Our modern lives are filled with sleep disruptors—iPhones, heating systems, computers, sugar-filled junk food, hectic work-schedules, artificial lighting, pharmaceuticals, to name a few. By raising our cortisol levels, our stress hormone, and disrupting the production of the sleep hormone melatonin, these factors wreak havoc on our body’s hormonal milieu—effectively, among other things, seriously impairing sleep quality.

It’s no surprise that a lot of people in the industrialized world have problems falling asleep, waking up several times during the night and feeling sluggish and fatigued the next morning. Today’s average Joe may never experience the deep, high-quality sleep that hunter-gatherers readily access—and hence, he may require more sleep than they do.

Key Points:

  • The sleep patterns of our Paleolithic forebears may have differed from those of contemporary hunter-gatherers.
  • The fact that non-Westernized people in Africa and South America—specifically the Hadza of Tanzania, the San of Namibia, and the Tsimane of Bolivia—only get about 6.5 hours of sleep every night doesn’t mean that this is necessarily the optimal amount for everyone. Due to the fact that hunter-gatherers’ gene expression and health conditions are closer to the evolutionary norm, these people may indeed require less sleep than most people in industrialized societies. Moreover, primal people are not exposed to artificial lighting, junk food, and all of the other sleep-disrupting factors (all of which are part and parcel of modernized life), and therefore experience better-quality sleep than the average modern Joe.
  • Your sleep needs may in large part be determined by your health condition and physical activity levels, and your pre-bed routine and sleep environment. If you are in great health and pay a lot of attention to optimizing the quality of your sleep (like by avoiding artificial lighting at night and stressing down before bed), you too may require less than eight hours of sleep every night.
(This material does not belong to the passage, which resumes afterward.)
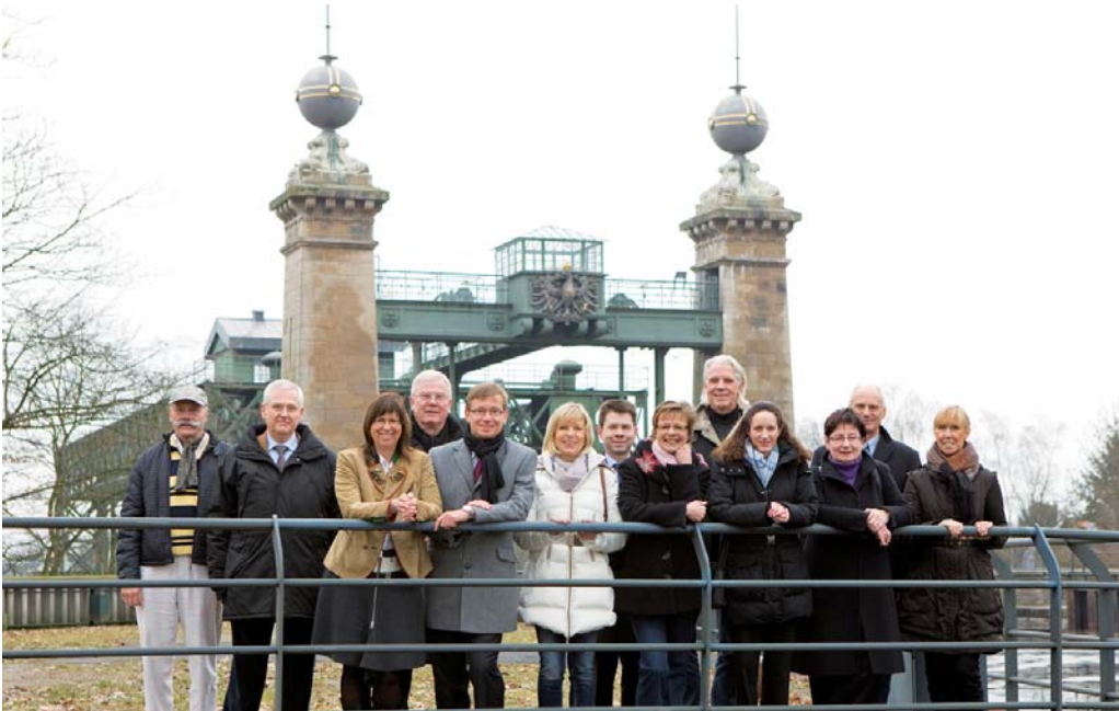
Gut für die Region: Die Bürgerstiftung und ihre Partnerstiftungen

Land. Die Willi und Heti Schreckenbergs Stiftung zum Beispiel unterstützt gemeinnützige Vorhaben für Behinderte und Kranke in Datteln, aber auch ein Projekt in Peru. Ein Ärzte- und Schwesternteam aus der Region führt dort jedes Jahr ehrenamtlich Operationen durch. Für die Partnerstiftungen ist die Bürgerstiftung ein kostenloser Dienstleister. Sie verwaltet das Vermögen und erledigt die Steuern. Gemeinsam führen Bürger- und Partnerstiftung Spendenübergaben und Fundraisingmaßnahmen durch. Beide Seiten profitieren von der Zusammenarbeit durch die öffentliche Aufmerksamkeit.

  1. F. P. Cappuccio, et al. “Sleep Duration and All-Cause Mortality: A Systematic Review and Meta-Analysis of Prospective Studies.” Sleep 33 (2010): 585-92.
  2. J. B. Dowd, et al. “Sleep Duration, Sleep Quality, and Biomarkers of Inflammation in a Taiwanese Population.” Annals of Epidemiology 21 (2011): 799-806.
  3. L. Imeri, and M. R. Opp. “How (and Why) the Immune System Makes Us Sleep.” Nature Reviews Neuroscience 10 (2009): 199-210.
  4. M. R. Irwin, R. Olmstead, and J. E. Carroll. “Sleep Disturbance, Sleep Duration, and Inflammation: A Systematic Review and Meta-Analysis of Cohort Studies and Experimental Sleep Deprivation.” Biological Psychiatry (2015).
  5. D. Lieberman, The Story of the Human Body: Evolution, Health, and Disease (Vintage, 2014).
  6. S. R. Patel, et al. “Sleep Duration and Biomarkers of Inflammation.” Sleep 32 (2009), 200-4.
  7. C. Sabanayagam, and A. Shankar. “Sleep Duration and Cardiovascular Disease: Results from the National Health Interview Survey.” Sleep 33 (2010): 1037-42.
  8. A. Steptoe, V. Peacey, and J. Wardle. “Sleep Duration and Health in Young Adults.” Archives of Internal Medicine 166 (2006): 1689-92.
  9. G. Yetish, et al. “Natural Sleep and Its Seasonal Variations in Three Pre-Industrial Societies.” Current Biology 25 (2015): 2862-8.